:: PROVIDED MATERIAL ::
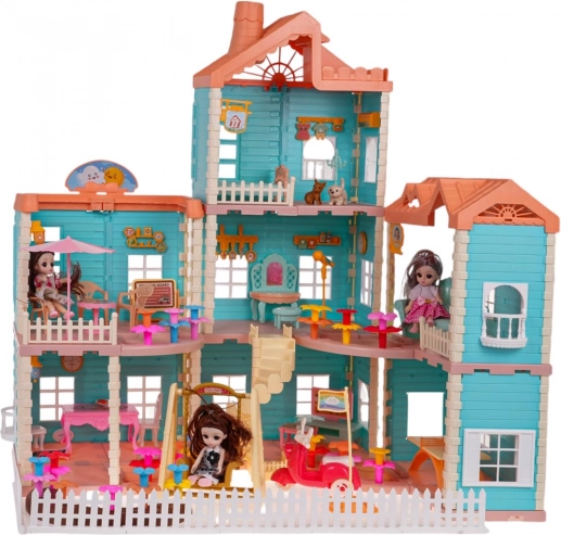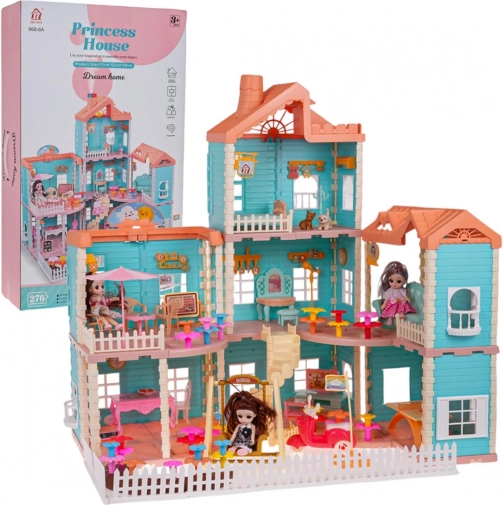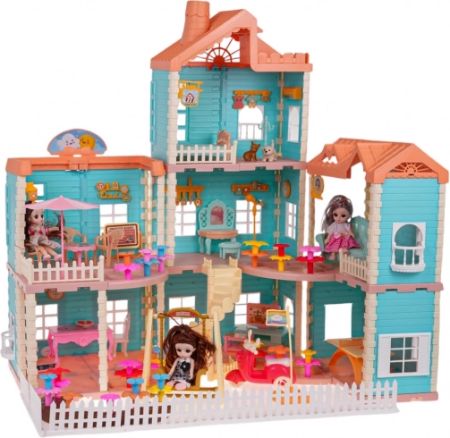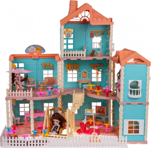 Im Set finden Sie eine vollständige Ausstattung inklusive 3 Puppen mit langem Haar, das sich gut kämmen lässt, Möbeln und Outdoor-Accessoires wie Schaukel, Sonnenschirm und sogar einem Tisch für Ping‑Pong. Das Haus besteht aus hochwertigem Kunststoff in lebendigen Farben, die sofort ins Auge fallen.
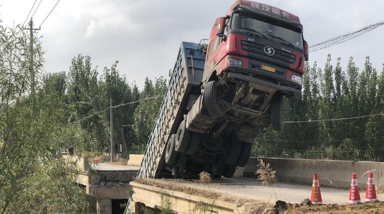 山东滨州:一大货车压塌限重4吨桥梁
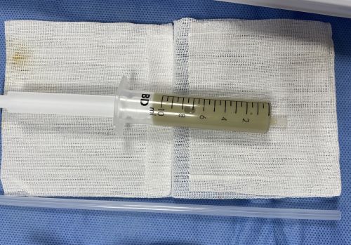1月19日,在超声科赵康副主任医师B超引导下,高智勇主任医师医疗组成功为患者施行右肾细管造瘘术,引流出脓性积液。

:: WHAT THE TASK ASKS ::
The lines from the one with "山东滨州:一大货车压塌限重4吨桥梁" to the end of the data above should be retyped exactly, both ends included, and pictures are to be left out.

:: EXERCISE ANSWER ::
 山东滨州:一大货车压塌限重4吨桥梁
1月19日,在超声科赵康副主任医师B超引导下,高智勇主任医师医疗组成功为患者施行右肾细管造瘘术,引流出脓性积液。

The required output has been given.